Member of the Delaware House of Representatives from the 8th district
- In office 1982–2002
- Preceded by: James Edwards
- Succeeded by: Bethany Hall-Long

Personal details
- Born: December 2, 1937 Chester, Pennsylvania, US
- Died: April 17, 2023 (aged 85) Claymont, Delaware, US
- Party: Democratic
- Spouse: Carol Ann
- Education: University of Delaware (BA, MEd) Delaware Law School (JD)

= David Brady (politician) =

American politician (1937–2023)

David D. Brady (December 2, 1937 – April 17, 2023) was an American educator and politician who served in the Delaware House of Representatives from 1982 through 2002.

==Personal life, education, and private career==
Brady was born on December 2, 1937 in Chester, Pennsylvania.

Brady served in the U.S. Marine Corps from 1955 through 1959. Afterwards, he worked at a post office of the United States Postal Service from 1960 through 1966; and worked for the Chrysler Corporation in 1967 and 1968.

Brady attended the University of Delaware from 1968 through 1972, graduating with both a Master of Education in counseling and a Bachelor of Arts in history. During the same years, he worked at the Sun Oil Company. Brady later attended the Delaware Law School from 1978 to 1982, receiving a Juris Doctor.

From 1972 through 2006, Brady worked as an educator in the school districts of New Castle County, including as a visiting teacher in the Brandywine School District. He was also an instructor for the New Castle Parks & Recreation.

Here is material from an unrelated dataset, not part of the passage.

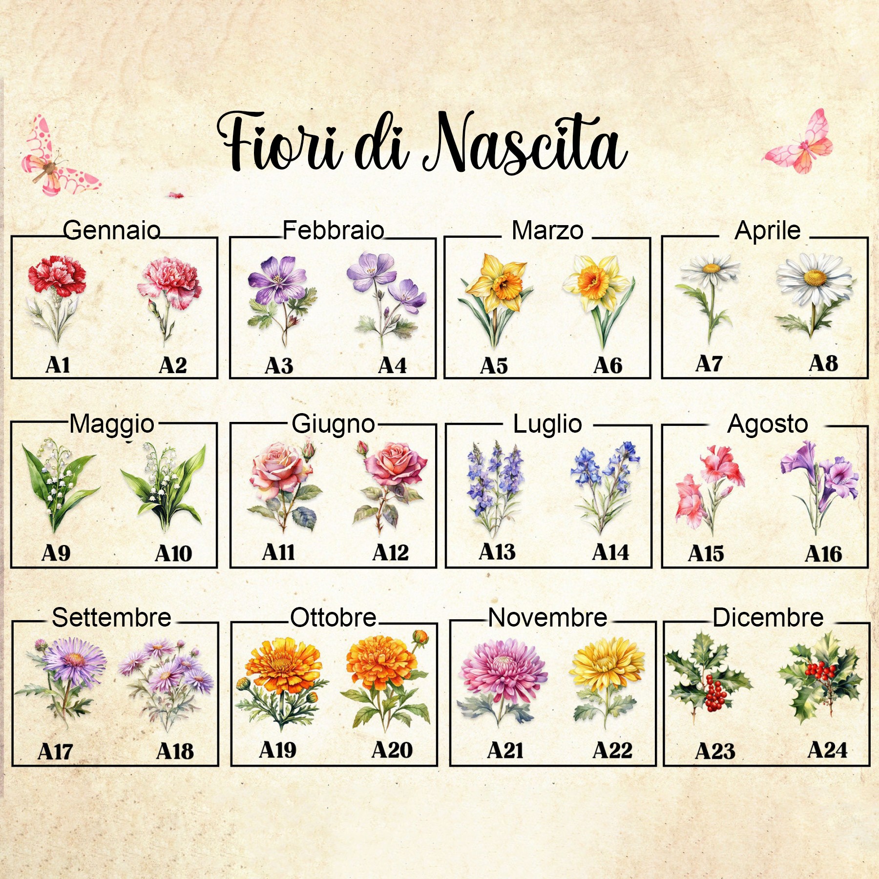 -- Seleziona 1° Tipo di Fiore Riga 1 -- Gennaio-A1 Gennaio-A2 Febbraio-A3 Febbraio-A4 Marzo-A5 Marzo-A6 Aprile-A7 Aprile-A8 Maggio-A9 Maggio-A10 Giugno-A11 Giugno-A12 Luglio-A13 Luglio-A14 Agosto-A15 Agosto-A16 Settembre-A17 Settembre-A18 Ottobre-A19 Ottobre-A20 Novembre-A21 Novembre-A22 Dicembre-A23 Dicembre-A24

Brady was a resident of Claymont, Delaware. His civic work included coaching in the Claymont Independent League, and serving as a member of the Budget Oversight Committee of the Reach Academy for Girls (a charter school which opened in 2010, but was put on probation by the state in 2011 and which closed in 2014). He was also a member of the Naamans Heritage Society, Claymont Lions Club, Claymont Library Fundraising Committee, Claymont Historical Society, Claymont Centennial Committee, Center Green Civic Association, Adult & Community Education Association of Delaware.

==Politics==

From 1982 to 2002, Brady served as a member of the Delaware House of Representatives, representing the 8th district as a Democrat.

Brady first won election in 1982, defeating incumbent Republican state representative James F. Edwards. The 1982 Delaware state legislative elections were closely contested, and Brady's election was one of six state house victories that allowed Democrats to flip control of the chamber. The elections were the first following a redistricting that followed the 1980 United States census, and Republicans blamed their losses on the new maps.

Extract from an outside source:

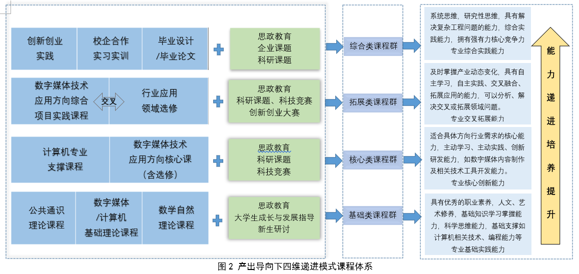基于上述特色,本专业对每门课程均细化其培养目标与可达成的能力标准,并以此为基础构建了科学、系统的递进式课程群。该课程群涵盖专业基础类、专业核心类、专业拓展类以及综合应用类四大模块,形成了“面向产业需求、突出专业特色、强化应用实践、鼓励交叉创新”的完整培养路径。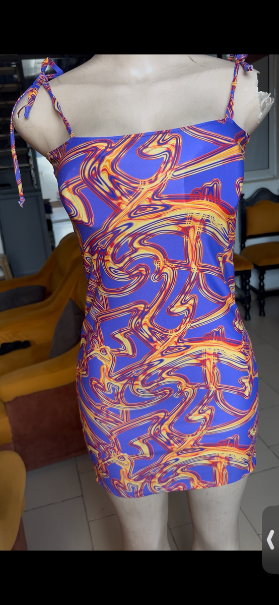 Éblouissante robe d'été multicolore avec motif psychédélique. Parfaite pour des journées ensoleillées ou des soirées décontractées. Conçue pour apporter une touche de couleur et de style à votre garde-robe.

After the redistricting which followed the 2000 United States census, Brady found himself drawn into the 7th district. He unsuccessfully ran for re-election that district, but was defeated in the general election by its incumbent, Wayne A. Smith (a Republican, and the then-incumbent majority leader). Brady received 47% of the vote to Smith's 52%, with Libertarian nominee Barbara Beeghly receiving 1%. The coinciding race in the new version of the 8th district, which Brady was drawn out of, saw the election of Democrat Bethany Hall-Long.

Brady unsuccessfully sought to return to elected office in 2012, unsuccessfully challenging incumbent state representative Harris McDowell III in the Democratic primary for the district 1 seat of the Delaware Senate. In 2016, he unsuccessfully challenged incumbent Bryon Short in the Democratic primary for the district 7 seat in the Delaware House of Representatives. Originally, Short was forgoing re-election to the state house that year in order to run for U.S. Congress, and Brady was one of three running in the primary to succeed him. However, Short ultimately sought re-election, and Brady was the only candidate who remained in the race to challenge him. In 2022, he unsuccessfully ran for the district 8 seat in the Delaware House of Representatives.

==Death==
Brady died at his home on April 17, 2023. Among his survivors was his widow, Carol Ann Brady, and their three children.